Démocratie veut dire égalité. On conçoit la portée immense qui s’attache à la lutte du prolétariat pour l’égalité et au mot d’ordre d’égalité, à condition de comprendre ce dernier exactement, dans le sens de la suppression des classes. Mais démocratie signifie seulement égalité formelle . Et, dès que sera réalisée l’égalité de tous les membres de la société par rapport à la possession des moyens de production, c’est-à-dire l’égalité du travail, l’égalité du salaire, on verra se dresser inévitablement devant l’humanité la question d’un nouveau progrès à accomplir pour passer de l’égalité formelle à l’égalité réelle, c’est-à-dire à la réalisation du principe : "De chacun selon ses capacités, à chacun selon ses besoins." Par quelles étapes, par quelles mesures pratiques l’humanité s’acheminera-t-elle vers ce but suprême, nous ne le savons ni ne pouvons le savoir. Mais ce qui importe, c’est de voir l’immense mensonge contenu dans l’idée bourgeoise courante suivant laquelle le socialisme est quelque chose de mort, de figé, de donné une fois pour toutes, alors qu’en réalité c’est seulement avec le socialisme que commencera dans tous les domaines de la vie sociale et privée un mouvement de progression rapide, effectif, ayant véritablement un caractère de masse et auquel participera d’abord la majorité, puis la totalité de la population.

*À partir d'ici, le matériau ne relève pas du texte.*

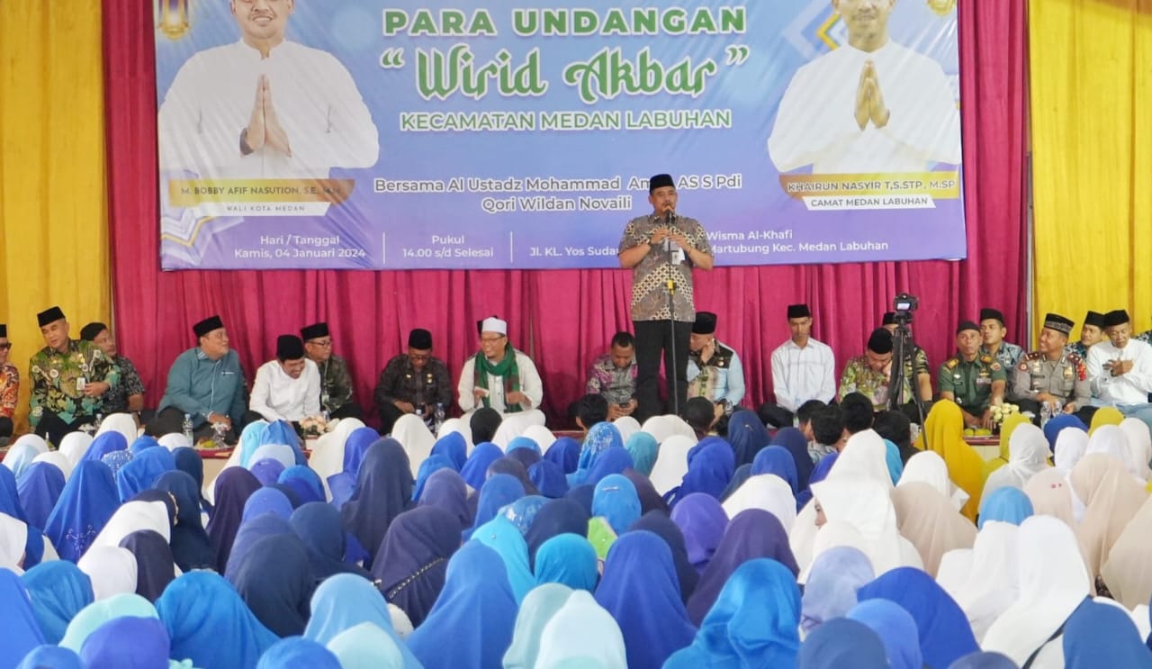 “Mudah-mudahan seluruh pekerjaan yang ada di Kecamatan Medan Labuhan ini akan kami selesaikan di tahun ini,”kata, Bobby saat menghadiri Wirid Akbar se-Kecamatan Medan Labuhan di Wisma Al-Kahfi, jalan Yos Sudarso, Kamis (4/1/2024).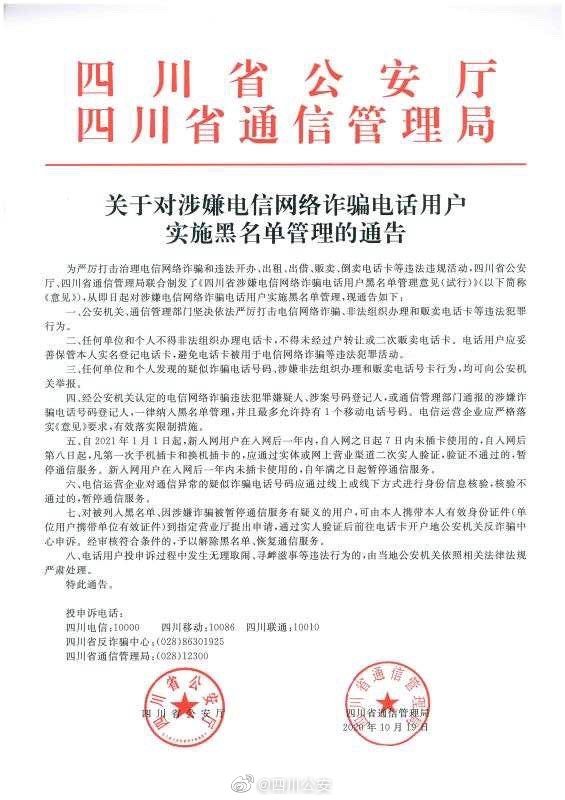 为严厉打击治理电信网络诈骗和违法开办、出租、出借、贩卖、倒卖电话卡等违法违规活动,切实保障人民群众合法权益,四川省公安厅、四川省通信管理局联合出台《关于对涉嫌电信网络诈骗电话用户实施黑名单管理的通告》(通告附后),从即日起对涉嫌电信网络诈骗电话用户实施黑名单管理。

La démocratie est une forme de l’Etat, une de ses variétés. Elle est donc, comme tout Etat, l’application organisée, systématique, de la contrainte aux hommes. Ceci, d’une part. Mais, d’autre part, elle signifie la reconnaissance officielle de l’égalité entre les citoyens, du droit égal pour tous de déterminer la forme de l’Etat et de l’administrer. Il s’ensuit donc qu’à un certain degré de son développement, la démocratie, tout d’abord, unit le prolétariat, la classe révolutionnaire anticapitaliste, et lui permet de briser, de réduire en miettes, de faire disparaître de la surface de la terre la machine d’Etat bourgeoise, fût-elle bourgeoise républicaine, l’armée permanente, la police, la bureaucratie, et de les remplacer par une machine d’Etat plus démocratique, mais qui n’en reste pas moins une machine d’Etat, sous la forme des masses ouvrières armées, puis, progressivement, du peuple entier participant à la milice.
Ici, "la quantité se change en qualité" : parvenu à ce degré, le démocratisme sort du cadre de la société bourgeoise et commence à évoluer vers le socialisme. Si tous participent réellement à la gestion de l’Etat, le capitalisme ne peut plus se maintenir. Et le développement du capitalisme crée, à son tour, les prémisses nécessaires pour que "tous" puissent réellement participer à la gestion de l’Etat. Ces prémisses sont, entre autres, l’instruction générale déjà réalisée par plusieurs des pays capitalistes les plus avancés, puis "l’éducation et la formation à la discipline" de millions d’ouvriers par l’appareil socialisé, énorme et complexe, de la poste, des chemins de fer, des grandes usines, du gros commerce, des banques, etc., etc.
Avec de telles prémisses économiques, on peut fort bien, après avoir renversé les capitalistes et les fonctionnaires, les remplacer aussitôt, du jour au lendemain, pour le contrôle de la production et de la répartition, pour l’enregistrement du travail et des produits, par les ouvriers armés, par le peuple armé tout entier. (Il ne faut pas confondre la question du contrôle et de l’enregistrement avec celle du personnel possédant une formation scientifique, qui comprend les ingénieurs, les agronomes, etc. : ces messieurs, qui travaillent aujourd’hui sous les ordres des capitalistes, travailleront mieux encore demain sous les ordres des ouvriers armés.)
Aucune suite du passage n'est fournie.